15.1. 병렬 쿼리 작동 원리

15.1. 병렬 쿼리 작동 원리
이전	위로	15장. 병렬 쿼리	처음으로	다음

옵티마이저가 특정 쿼리의 빠른 실행을 위해 병렬 처리를 할 때, 아래와 같이 Gather 또는 Gather Merge를 포함하여 실행계획을 세운다:

EXPLAIN SELECT * FROM pgbench_accounts WHERE filler LIKE '%x%';
                                     QUERY PLAN                                      
-------------------------------------------------------------------------------------
 Gather  (cost=1000.00..217018.43 rows=1 width=97)
   Workers Planned: 2
   ->  Parallel Seq Scan on pgbench_accounts  (cost=0.00..216018.33 rows=1 width=97)
         Filter: (filler ~~ '%x%'::text)
(4 rows)

위 실행 계획 경우, Gather 또는 Gather Merge노드는 병렬로 실행되는 계획에 정확히 하나의 하위 계획을 갖는다. Gather 노드가 실행 계획 트리의 맨 위에 있는 경우 모든 쿼리는 병렬로 실행된다. If the Gather or Gather Merge node is at the very top of the plan tree, then the entire query will execute in parallel. If it is somewhere else in the plan tree, then only the portion of the plan below it will run in parallel. In the example above, the query accesses only one table, so there is only one plan node other than the Gather node itself; since that plan node is a child of the Gather node, it will run in parallel.

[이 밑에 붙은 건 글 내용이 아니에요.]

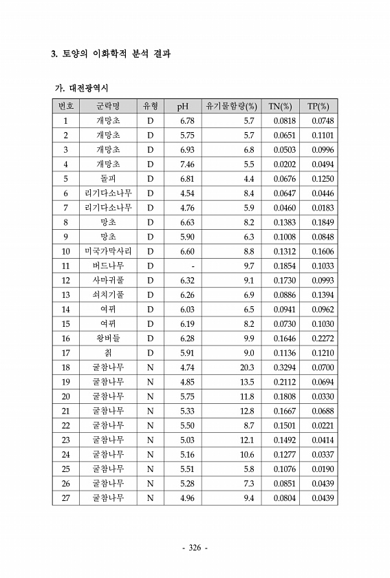 번호 군락명 유형 pH 유기물함량 % TN % TP % 1 개망초 D 6.78 5.7 0.0818 0.0748 2 개망초 D 5.75 5.7 0.0651 0.1101 3 개망초 D 6.93 6.8 0.0503 0.0996 4 개망초 D 7.46 5.5 0.0202 0.0494 5 돌피 D 6.81 4.4 0.0676 0.1250 6 리기다소나무 D 4.54 8.4 0.0647 0.0446 7 리기다소나무 D 4.76 5.9 0.0460 0.0183 8 망초 D 6.63 8.2 0.1383 0.1849 9 망초 D 5.90 6.3 0.1008 0.0848 10 미국가막사리 D 6.60 8.8 0.1312 0.1606 11 버드나무 D 9.7 0.1854 0.1033 12 사마귀풀 D 6.32 9.1 0.173...

Using EXPLAIN, you can see the number of workers chosen by the planner. When the Gather node is reached during query execution, the process which is implementing the user's session will request a number of background worker processes equal to the number of workers chosen by the planner. The number of background workers that the planner will consider using is limited to at most max_parallel_workers_per_gather. The total number of background workers that can exist at any one time is limited by both max_worker_processes and max_parallel_workers. Therefore, it is possible for a parallel query to run with fewer workers than planned, or even with no workers at all. The optimal plan may depend on the number of workers that are available, so this can result in poor query performance. If this occurrence is frequent, consider increasing max_worker_processes and max_parallel_workers so that more workers can be run simultaneously or alternatively reducing max_parallel_workers_per_gather so that the planner requests fewer workers.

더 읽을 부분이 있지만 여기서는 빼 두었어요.